▶ _WHAT NEEDS TO BE DONE_
Please reproduce all of the data below exactly, leaving each picture out.

▶ _INFORMATION PROVIDED_
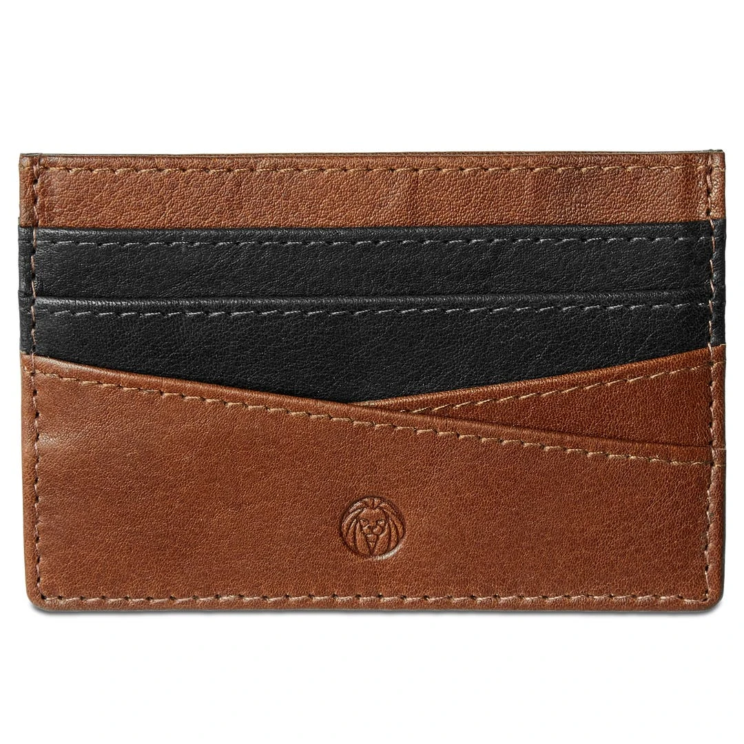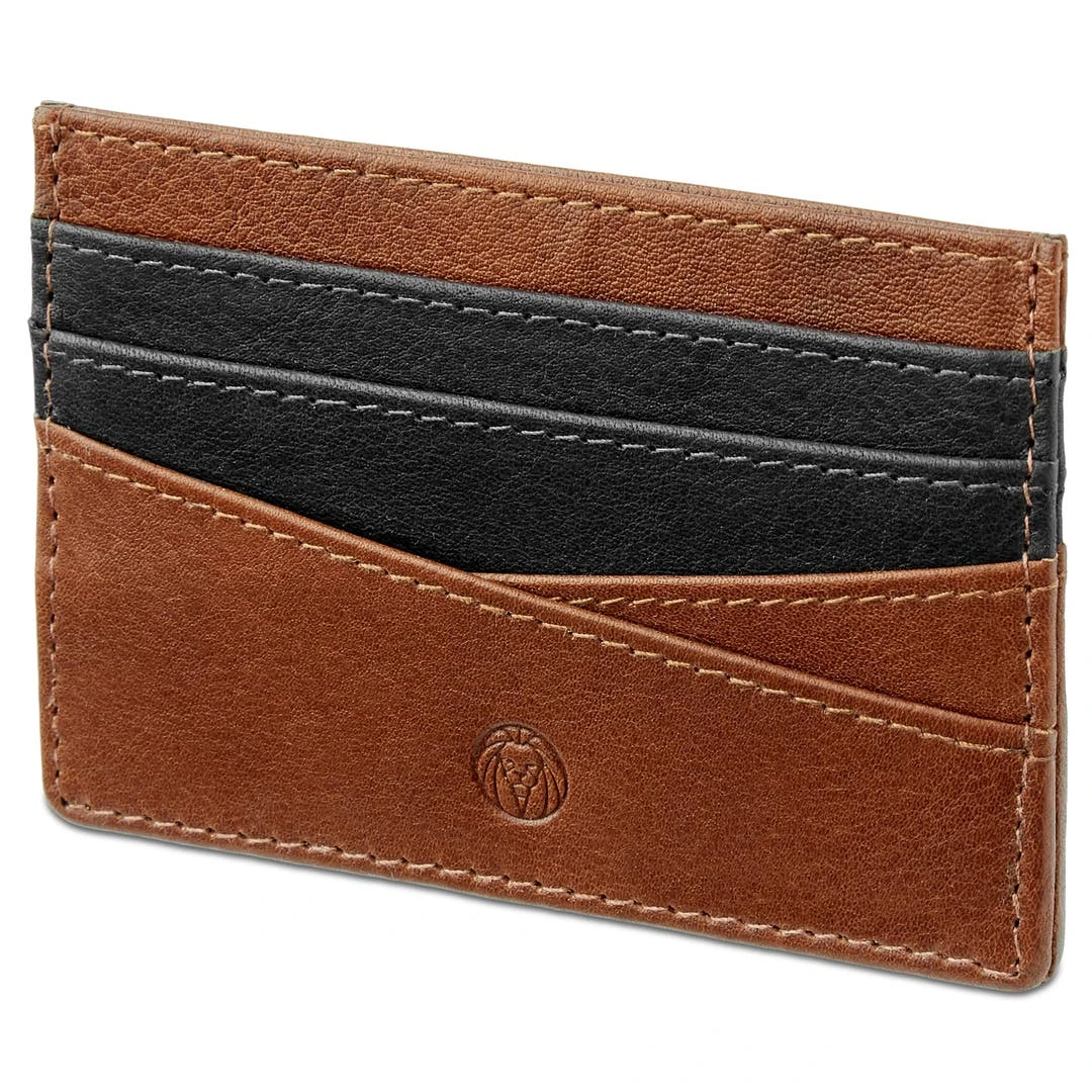 Ce porte-cartes bicolore brun havane et noir est très compact et pourra accueillir jusqu’à six cartes de crédit. Son cuir a subi un tannage végétal et il est équipé de la technologie anti-RFID afin de sécuriser vos données personnelles.
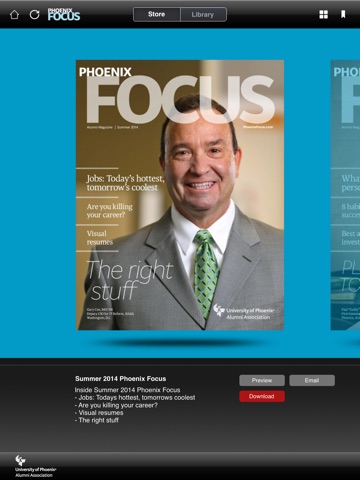 At your desk or on the go, stay connected to University of Phoenix alumni with the Phoenix Focus magazine app.
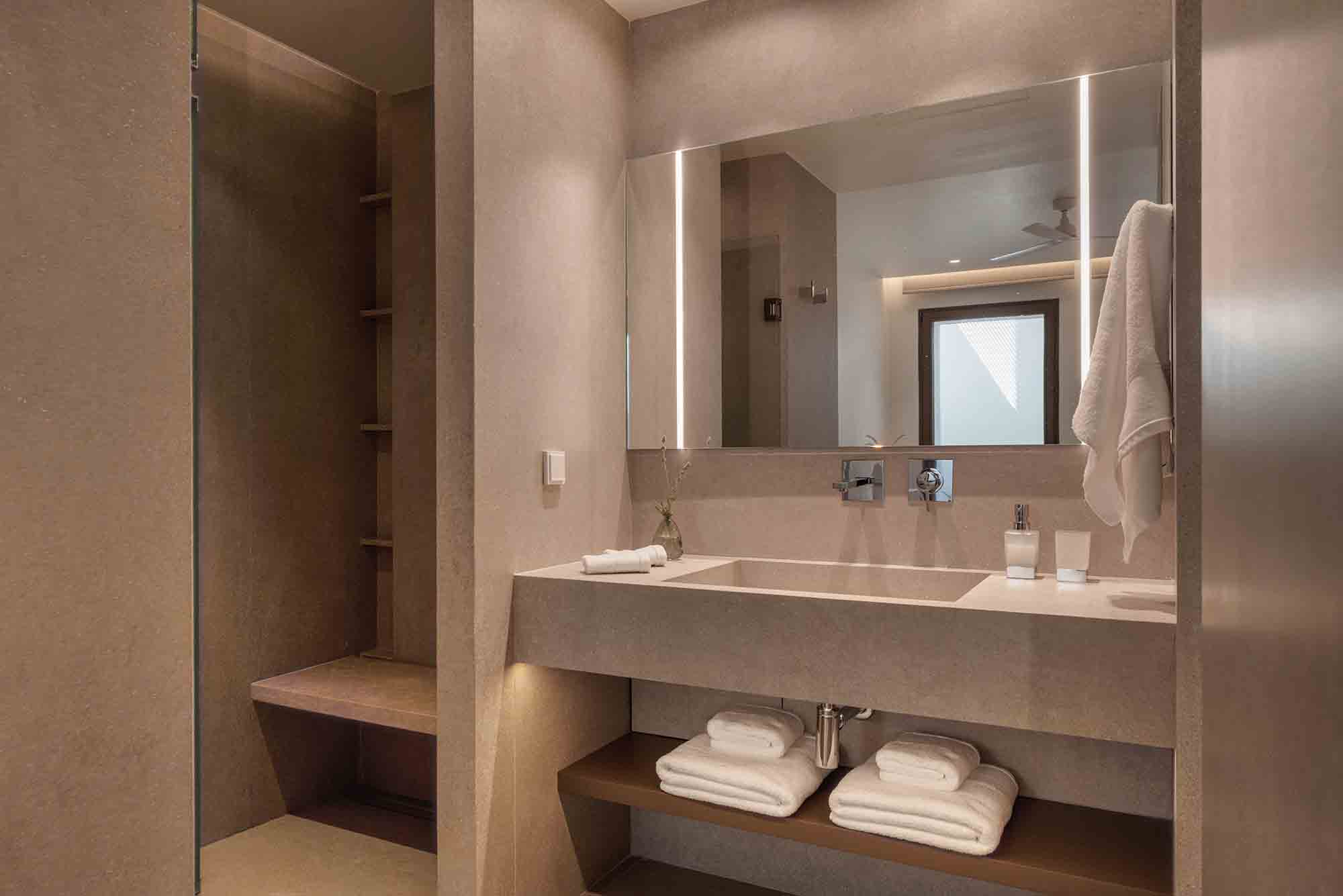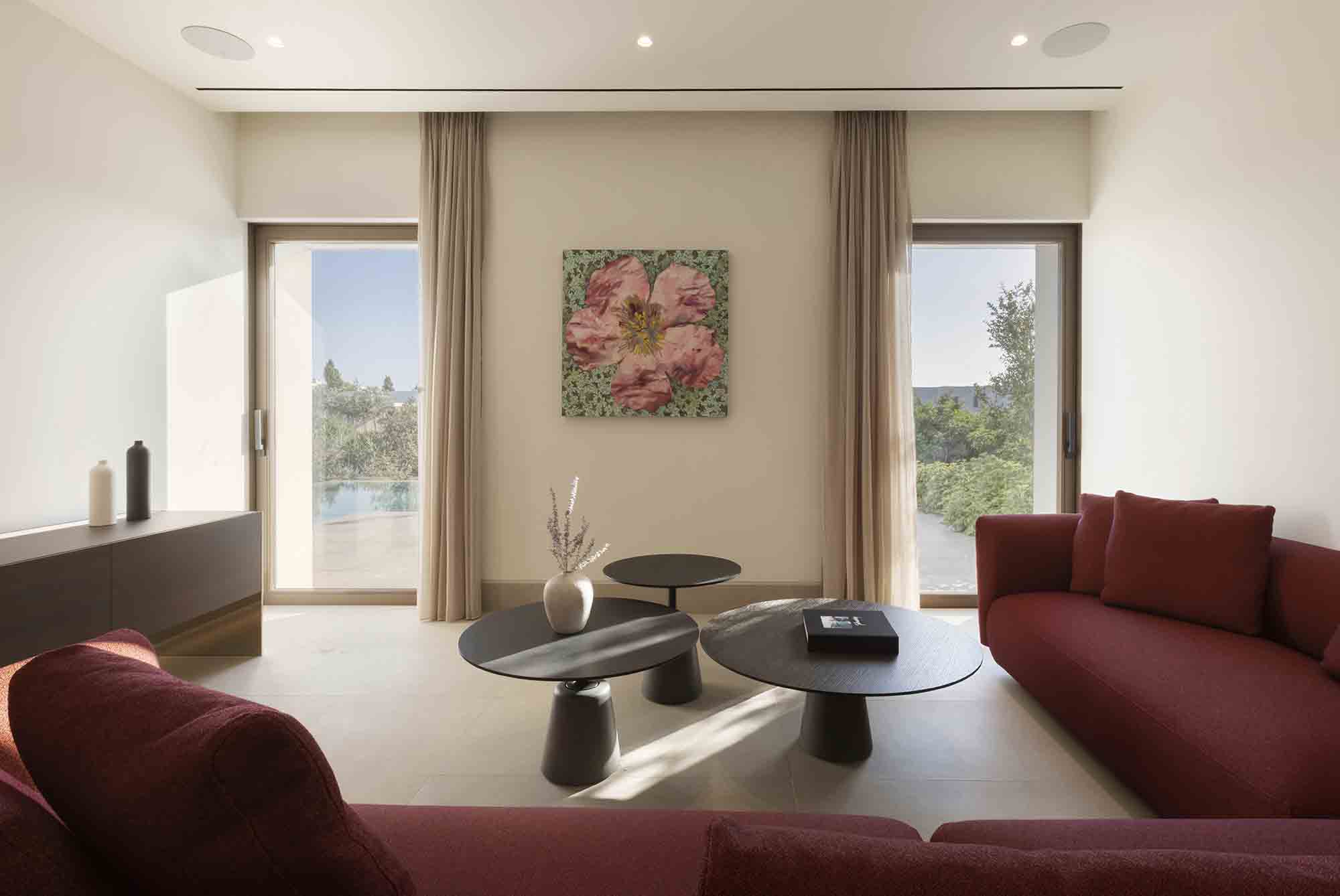 Villa Frances J is a refined exceptionally spacious villa designed for comfort and style. With two elegant bedrooms and three bathrooms, it can accommodate up to four guests in complete privacy.

▶ _RESPONSE_
 Ce porte-cartes bicolore brun havane et noir est très compact et pourra accueillir jusqu’à six cartes de crédit. Son cuir a subi un tannage végétal et il est équipé de la technologie anti-RFID afin de sécuriser vos données personnelles.
 At your desk or on the go, stay connected to University of Phoenix alumni with the Phoenix Focus magazine app.
 Villa Frances J is a refined exceptionally spacious villa designed for comfort and style. With two elegant bedrooms and three bathrooms, it can accommodate up to four guests in complete privacy.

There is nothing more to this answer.